Fans should be grateful and thankful that this opportunity that what may end up being Hugh Jackman‘s last outing as Wolverine (unless a Deadpool crossover can bring him back) ended up being something much more bold and daring in the superhero genre. 20th Century Fox was originally very timid about the prospect of doing such a dark Wolverine movie, and once they found out what the thematic elements within the story, they were even worried it would be boring.
Find out more about why Fox worried about Logan after the jump.
Variety sat in on a Q&A session with 20th Century Fox film chairman Stacey Snider at the Recode Media conference Tuesday, and she discussed the concern that executives at the studio had behind the scenes:
Inside, there was real consternation about the intensity of the tone of the film. It’s more of an elegy about life and death. The paradigm for it was a Western, and my colleagues were up in arms. It’s not a wise-cracking cigar-chomping mutton-sporting Wolverine, and the debate internally became, isn’t that freakin’ boring? Isn’t it exciting to imagine Wolverine as a real guy and he’s world-weary and he doesn’t want to fight anymore until a little girl needs him?
If the buzz is any indication from fans who have seen the trailers and press who have seen the first 40 minutes of the movie, it’s that drastic shift away from the usual superhero rigmarole that has people much more interested in Logan than usual. So I’m glad that someone at Fox fought hard enough to hit home the point that Snider makes at the end of her statement.

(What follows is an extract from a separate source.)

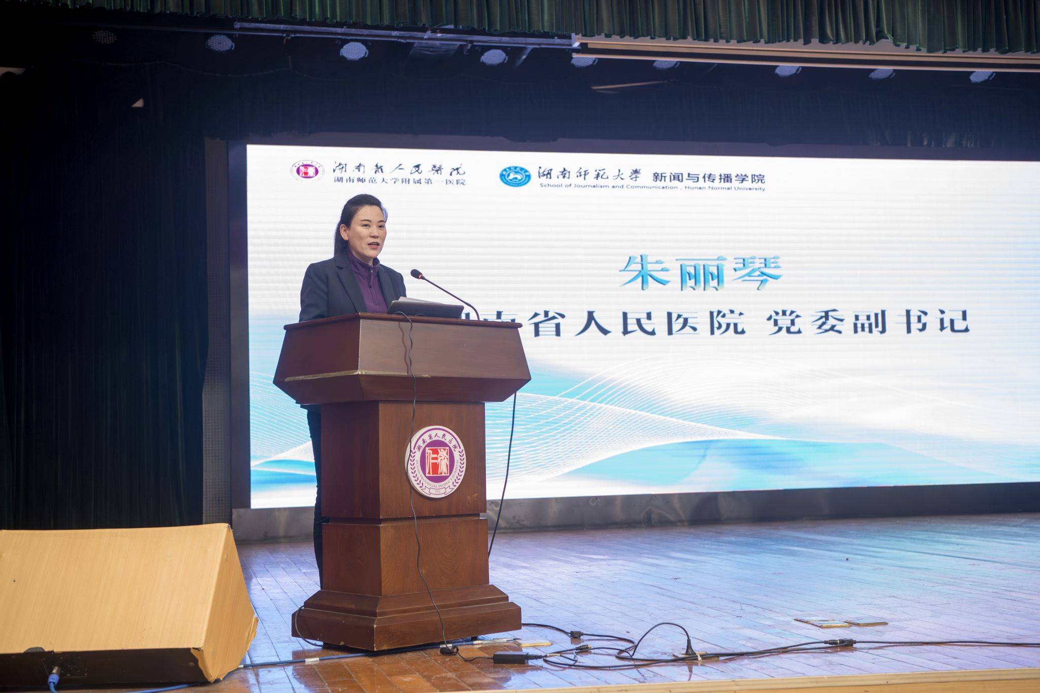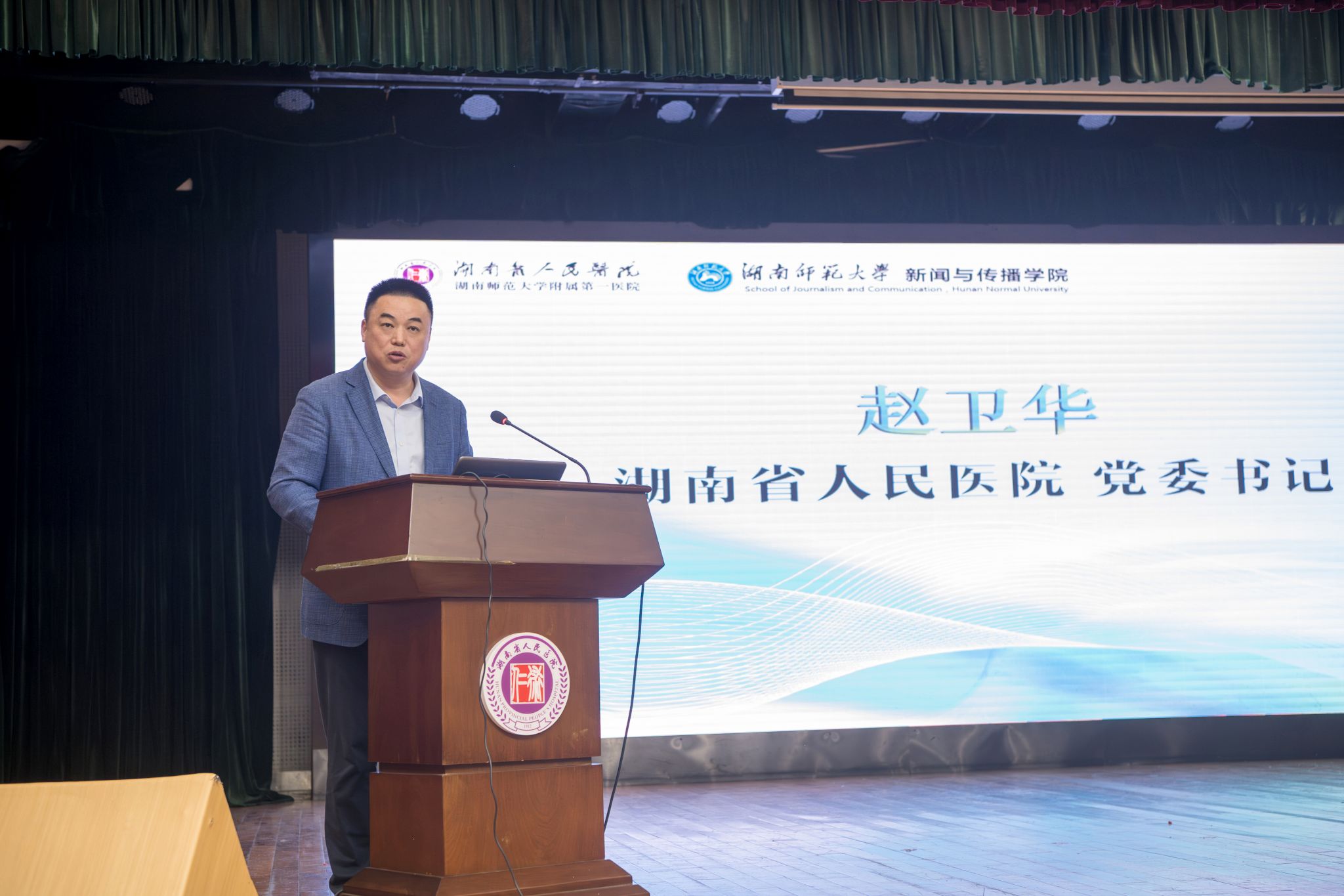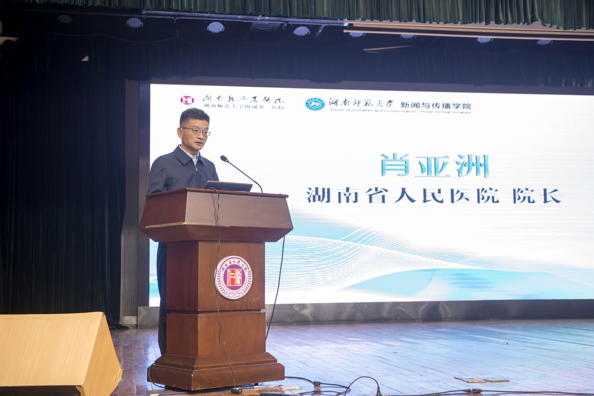 肖亚洲介绍了共建社会实践基地的相关情况,他表示,健康传播是践行‘健康中国’战略的重要支撑,湖南省人民医院作为省内医疗服务的标杆单位,拥有丰富的临床资源与厚重的人文积淀,而湖南师范大学新闻与传播学院在传播理论研究、人才培养及新媒体实践方面具备鲜明优势。此次基地共建,正是要搭建‘医疗资源+传播专业’的协同平台,未来双方将围绕人才联合培养、健康科普创作、科研项目合作等领域深化协作,共同探索医媒融合新路径。

With so many superhero movies hitting the big screen every single year, we’re getting to the point that studios need to start differentiating them more from one another. They’re not all having the same success that Marvel is having with each of their movies, which have become foolproof against the repetitive nature of those kinds of complaints lately, for better or worse. If Logan turns out to be a gamble that pays off for Fox, much like Deadpool, I hope it means that studios start taking more risks with these properties to deliver superhero movies that are outside of the blockbuster mold we’ve seen so many times before.